Earnings for the nine months ended September 30, 2006 were $9,985,127, a 21.7% increase over the prior year. Year to date diluted earnings per share were $0.93 and $0.76, respectively, for September 30, 2006 and 2005, a 22.4% increase. Year to date basic earnings per share were $0.94 and $0.77 for the same periods. Return on equity increased to 11.25% for the nine-month period ended September 30, 2006 from 9.63% for the nine-month period ended September 30, 2005, and return on tangible equity increased to 16.50% from 14.44% for the same periods.
Total assets grew by $69.8 million (9.1% annualized) for the nine-month period ended September 30, 2006 and by $96.8 million (9.7%) since September 30, 2005. Deposit growth of $51.8 million (8.5% annualized) for the first nine months of 2006 was used to fund $40.4 million growth in net loans held for investment with the remainder being invested in securities and overnight funds. The net interest margin expanded to 4.48% in the first nine months of 2006 from 4.02% in the first nine months of 2005.
Commenting on the results, Bill Long, President and CEO, stated, "Our third quarter earnings of 34 cents per share reflected a strong increase of 7 cents over the third quarter 2005 and an increase of 2 cents over the second quarter 2006. Return on equity at 12.10% for the quarter continued to improve toward our goal of 15%. The earnings increase over the prior year was driven by margin expansion and noninterest income which together exceeded the additional costs of operating three branches that have opened during the last fourteen months. In our Piedmont region, the newest Mooresville branch that opened on Medical Park Drive in September 2005, has already grown to $15 million in deposits and $10 million in loans. In Watauga and Avery Counties, our High Country region has increased deposits by 17.9% since September 30, 2005. We're also excited about our continued growth in existing markets as well as entering new markets in our Yadkin Valley region. During October 2006 in Yadkinville, we have begun construction on a permanent building.
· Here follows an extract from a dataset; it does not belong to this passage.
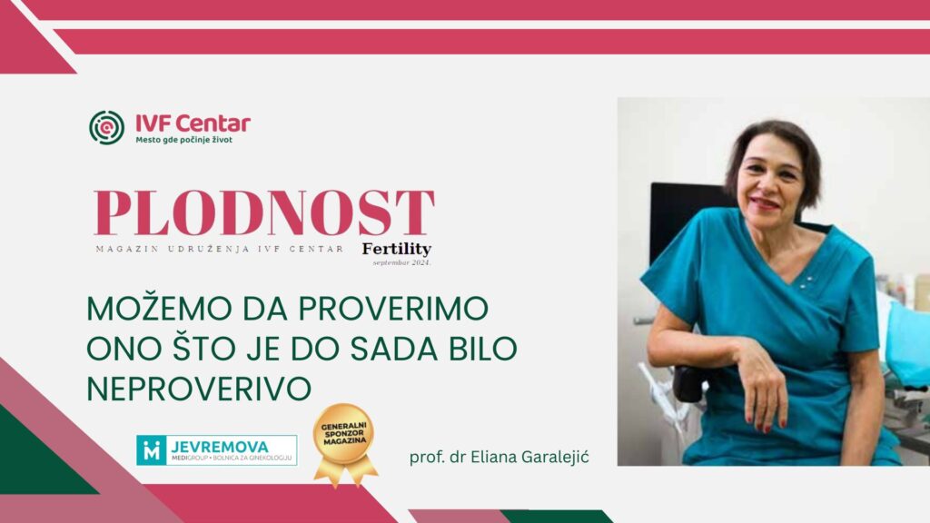 Sagovornica: prof. dr Eliana Garalejić, direktorka Specijalne ginekološke bolnice MediGroup Jevremova Koliko je problem neplodnosti povećan u poslednjih 5 godina? prof. dr Eliana Garalejić: Smanjena rezerva jajnika je danas česta pojava čak i kod mladih žena. To je nekada bila retkost.Globalno gledano, drastično su smanjeni i broj i kvalitet spermatozoida kod muškaraca.Sve ovo zajedno povećava broj parova kojima je potrebna pomoć lekara radi dobijanja potomstva. Koji su najčešći uzroci neplodnosti kod parova? prof. dr Eliana Garalejić: Mnogobrojni su uzroci infertiliteta i oni variraju zavisno od geografske lokacije i socijalno-ekonomske sredine. U ekonomski nerazvijenim zemljma najčešći uzroci infertiliteta su vezani za: U zemljama razvijenog sveta najčešći uzroci infertiliteta su: Čest uzrok infertiliteta je postojanje psiholoških problema čiji je koren najčešće u samoj nemogućnosti žene da ostvari veoma željenu trudnoću, a koji se pojačava i potencira uticajem bliže okoline – rodbine i prijatelja. Naravno, moramo biti svesni činjenice da je infertilitet pretežno multifaktorijalne etiologije i da zbog toga uvek treba težiti sveobuhvatnom i kompletnom ispitivanju oba partnera. Koje su optimalne godine za trudnoću i zašto? prof. dr Eliana Garalejić: Idealno je da se prvo dete rodi do 25. godine života.Sa starošću žene se smanjuje kvalitet jajnih ćelija i plodnost sa jedne strane,

In early 2007, we plan to open a branch in Pfafftown, located west of Winston-Salem in Forsyth County."
"Each of our three banking regions, our mortgage and securities brokerage subsidiaries, our operations group, and our administrative staff contributed to the growth in assets and profitablility while improving the efficiency ratio. To recognize the leadership of our board and hard work of our employees that allowed us to reach $1 billion in assets last year, we held a celebration on September 23rd in North Wilkesboro with a cookout, bluegrass music, and recreation for the children and a few adventurous adults."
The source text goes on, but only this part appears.